[The following article is cross-posted from DataBreaches.net. All follow-ups will be posted on that site and all inquiries should be directed to breaches[at]databreaches.net]
First someone left our voter registration details exposed to the world, but those were “just public records,” some argued. Now a second misconfigured database has been uncovered by Chris Vickery. This one, however, not only includes some states’ voter lists, but it also includes 19 million profiles with private information on religion, household values, gun ownership and more. Are you outraged now?

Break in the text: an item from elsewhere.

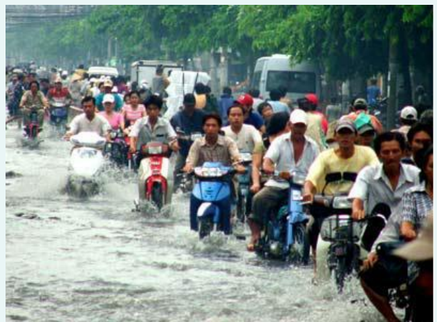
Figure 2: Urban flooding in HCMC

The model shall be used to estimate current and future flood damages and risk, taking both socio-economic developments and climate change into account. Moreover, it shall provide insights into the effectiveness of various adaptation strategies.

So Much for a Quiet Christmas
Five days after finding a misconfigured database with 191 million voters’ records, and only hours after he woke up the owner of Three Lock Box in the middle of the night to ask him why their database still wasn’t secured, Chris Vickery emailed DataBreaches.net and Salted Hash. He had found yet another misconfigured database with voters’ information. It was 7:30 am on Christmas morning.
Idly wondering whether Vickery ever slept or took a break, I grabbed another cup of coffee and started looking at what he had found.
At first glance, the newly discovered database had the same data fields and formatting as the first database – fields and formatting which a number of experts had previously told us indicated that the data had flowed through Nation Builder at some point. And like the first database, this was a misconfigured MongoDB installation.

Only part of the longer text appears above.